Panik ataklara bazen agorafobi (alan korkusu) eşlik edebilir. Agorafobi eşliğinde panik bozukluğu olan bireyler; açık alanlardan, alışveriş merkezlerinden, kalabalık içerisinde, sinemalarda ve ya dar, kapalı odalarda bulunmaktan, trenle, otobüsle ya da uçakla seyahat etmekten korkarlar. O yüzden, bu tip yerlere gitmekten kaçınırlar, çıkışa daha yakın yerlere oturmayı tercih ederler ve oralarda bulundukları süre boyunca yoğun korku ve kaygı yaşarlar.

Gelelim ilaç kısmına.. Panik bozukluk için kullanılan ilaçlar bir nevi sakinleştirici niteliğindedir ve bu şekilde panik ataklarınızı durdurur. İlaç kullanımından bir süre sonra vücut alışır ve başlardaki etkiyi göstermez. Bu yüzden bazı kişiler ilaç kullanmaya devam etse bile tekrar panik atak yaşayabilirler.

PANİK BOZUKLUĞUN TEDAVİSİ..

Ruhsal bozukluklarda tedavisi en kolay olanlardandır. Düşünce, duygu ve davranış üzerinde çalışılan bilişsel davranışçı terapinin panik bozukluğun tedavisinde etkililiği araştırmalar tarafından kanıtlanmıştır. Araştırmalara göre, ilaç yerine, bilişsel davranışçı terapi alan kişiler 6 veya 8 seansta iyileşebilmektedirler. Yine araştırmalara göre, bilişsel davranışçı terapi alan 10 kişiden sadece 1’i tekrar panik atak yaşarken, ilaç tedavisi gören 10 kişinin 8’i tekrar panik atak yaşamaktadır.

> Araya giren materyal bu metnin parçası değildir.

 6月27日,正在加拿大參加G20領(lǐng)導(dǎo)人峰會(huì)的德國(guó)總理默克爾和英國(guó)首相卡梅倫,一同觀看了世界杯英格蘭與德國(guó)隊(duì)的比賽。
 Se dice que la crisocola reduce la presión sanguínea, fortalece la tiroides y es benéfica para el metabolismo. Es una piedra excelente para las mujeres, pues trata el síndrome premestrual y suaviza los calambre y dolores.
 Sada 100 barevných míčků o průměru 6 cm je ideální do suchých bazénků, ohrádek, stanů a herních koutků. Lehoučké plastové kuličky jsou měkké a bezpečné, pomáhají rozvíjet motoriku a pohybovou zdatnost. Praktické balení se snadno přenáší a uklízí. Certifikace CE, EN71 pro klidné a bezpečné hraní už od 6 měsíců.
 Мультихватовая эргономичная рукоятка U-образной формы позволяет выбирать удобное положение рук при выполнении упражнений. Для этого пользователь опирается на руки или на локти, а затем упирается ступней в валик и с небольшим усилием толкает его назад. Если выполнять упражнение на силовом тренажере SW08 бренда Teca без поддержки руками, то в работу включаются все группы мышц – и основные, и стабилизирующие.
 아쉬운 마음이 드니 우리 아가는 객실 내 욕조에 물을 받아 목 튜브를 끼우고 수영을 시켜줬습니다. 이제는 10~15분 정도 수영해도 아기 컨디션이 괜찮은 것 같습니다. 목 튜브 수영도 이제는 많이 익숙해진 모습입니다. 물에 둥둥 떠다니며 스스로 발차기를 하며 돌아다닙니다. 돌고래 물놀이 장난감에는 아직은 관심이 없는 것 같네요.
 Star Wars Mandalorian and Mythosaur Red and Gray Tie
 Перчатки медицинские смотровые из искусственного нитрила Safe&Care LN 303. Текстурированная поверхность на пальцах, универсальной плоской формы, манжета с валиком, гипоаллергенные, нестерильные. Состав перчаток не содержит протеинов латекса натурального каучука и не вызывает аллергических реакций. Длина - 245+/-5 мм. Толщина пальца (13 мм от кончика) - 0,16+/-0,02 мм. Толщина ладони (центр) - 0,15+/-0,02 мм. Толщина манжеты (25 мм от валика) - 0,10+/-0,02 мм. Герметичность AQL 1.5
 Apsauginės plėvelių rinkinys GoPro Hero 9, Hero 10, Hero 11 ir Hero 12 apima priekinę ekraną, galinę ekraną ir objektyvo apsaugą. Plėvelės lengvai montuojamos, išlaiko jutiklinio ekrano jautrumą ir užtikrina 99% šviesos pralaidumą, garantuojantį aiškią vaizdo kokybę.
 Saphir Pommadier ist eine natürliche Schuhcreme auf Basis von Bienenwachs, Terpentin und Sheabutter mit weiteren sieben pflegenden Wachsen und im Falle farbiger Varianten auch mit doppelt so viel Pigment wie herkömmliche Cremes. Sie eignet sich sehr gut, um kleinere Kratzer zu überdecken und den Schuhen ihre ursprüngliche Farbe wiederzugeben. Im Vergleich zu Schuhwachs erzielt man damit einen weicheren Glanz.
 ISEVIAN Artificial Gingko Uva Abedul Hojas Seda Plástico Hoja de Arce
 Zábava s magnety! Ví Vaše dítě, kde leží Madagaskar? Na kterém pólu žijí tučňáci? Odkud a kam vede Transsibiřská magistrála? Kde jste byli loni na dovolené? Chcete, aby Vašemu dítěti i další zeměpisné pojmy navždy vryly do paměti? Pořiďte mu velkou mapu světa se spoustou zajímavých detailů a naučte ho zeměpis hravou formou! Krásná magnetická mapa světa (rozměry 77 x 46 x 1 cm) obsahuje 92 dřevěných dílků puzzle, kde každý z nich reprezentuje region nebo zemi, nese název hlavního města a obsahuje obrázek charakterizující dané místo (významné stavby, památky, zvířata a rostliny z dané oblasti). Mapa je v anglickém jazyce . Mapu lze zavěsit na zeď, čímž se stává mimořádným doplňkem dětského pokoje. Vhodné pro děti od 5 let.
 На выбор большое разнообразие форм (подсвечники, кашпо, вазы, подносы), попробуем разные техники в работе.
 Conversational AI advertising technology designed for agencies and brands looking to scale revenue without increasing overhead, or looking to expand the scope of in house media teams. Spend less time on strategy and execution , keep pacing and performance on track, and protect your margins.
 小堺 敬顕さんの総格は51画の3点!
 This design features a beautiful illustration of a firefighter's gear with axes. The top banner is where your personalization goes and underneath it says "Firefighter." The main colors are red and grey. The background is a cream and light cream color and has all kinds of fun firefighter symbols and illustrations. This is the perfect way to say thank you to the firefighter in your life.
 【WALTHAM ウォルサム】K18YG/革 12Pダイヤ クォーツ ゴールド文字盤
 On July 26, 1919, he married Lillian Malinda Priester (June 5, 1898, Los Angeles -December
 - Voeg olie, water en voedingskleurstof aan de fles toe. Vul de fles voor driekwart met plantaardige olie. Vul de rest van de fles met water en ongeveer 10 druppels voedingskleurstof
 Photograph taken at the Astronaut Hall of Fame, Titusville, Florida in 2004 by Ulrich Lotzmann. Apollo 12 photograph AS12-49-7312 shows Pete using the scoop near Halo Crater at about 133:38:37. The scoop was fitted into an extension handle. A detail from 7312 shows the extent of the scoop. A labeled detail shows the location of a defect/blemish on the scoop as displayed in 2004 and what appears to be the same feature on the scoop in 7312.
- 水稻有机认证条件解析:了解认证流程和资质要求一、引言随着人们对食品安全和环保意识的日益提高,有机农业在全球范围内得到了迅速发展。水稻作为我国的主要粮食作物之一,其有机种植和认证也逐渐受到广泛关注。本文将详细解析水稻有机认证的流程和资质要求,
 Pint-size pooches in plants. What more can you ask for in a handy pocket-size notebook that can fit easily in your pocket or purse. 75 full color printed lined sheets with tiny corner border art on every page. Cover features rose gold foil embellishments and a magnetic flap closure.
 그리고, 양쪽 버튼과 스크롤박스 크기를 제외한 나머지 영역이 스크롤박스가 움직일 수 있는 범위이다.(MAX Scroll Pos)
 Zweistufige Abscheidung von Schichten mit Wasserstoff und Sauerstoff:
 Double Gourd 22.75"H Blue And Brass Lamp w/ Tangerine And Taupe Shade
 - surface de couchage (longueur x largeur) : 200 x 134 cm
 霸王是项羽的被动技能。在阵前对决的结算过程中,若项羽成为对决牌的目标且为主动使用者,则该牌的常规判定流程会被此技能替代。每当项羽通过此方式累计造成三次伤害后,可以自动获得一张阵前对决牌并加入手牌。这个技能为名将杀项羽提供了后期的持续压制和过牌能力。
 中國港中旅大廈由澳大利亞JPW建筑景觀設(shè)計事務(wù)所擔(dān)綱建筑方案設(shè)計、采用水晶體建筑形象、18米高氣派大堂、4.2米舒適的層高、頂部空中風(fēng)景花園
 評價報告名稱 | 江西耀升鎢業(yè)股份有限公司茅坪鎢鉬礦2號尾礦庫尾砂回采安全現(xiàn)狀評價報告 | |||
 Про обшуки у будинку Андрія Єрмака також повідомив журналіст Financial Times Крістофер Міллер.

Peki bilişsel davranışçı terapi ile panik bozukluk tedavisinde neler yapılır? Öncelikle korku ve kaygıya neden olan düşünceler ele alınır.. Bu düşünceler genellikle panik atak belirtilerinin yanlış yorumlanması ile oluşur ve yeniden yapılandırılır. Ayrıca, korkuya, kaygıya neden olan durumlardan, yerlerden kaçınma davranışları üzerinde çalışılarak kişinin korkuları üzerine gitmesi sağlanır. Böylelikle, kişinin daha kaliteli bir yaşam sürmesi hedeflenir.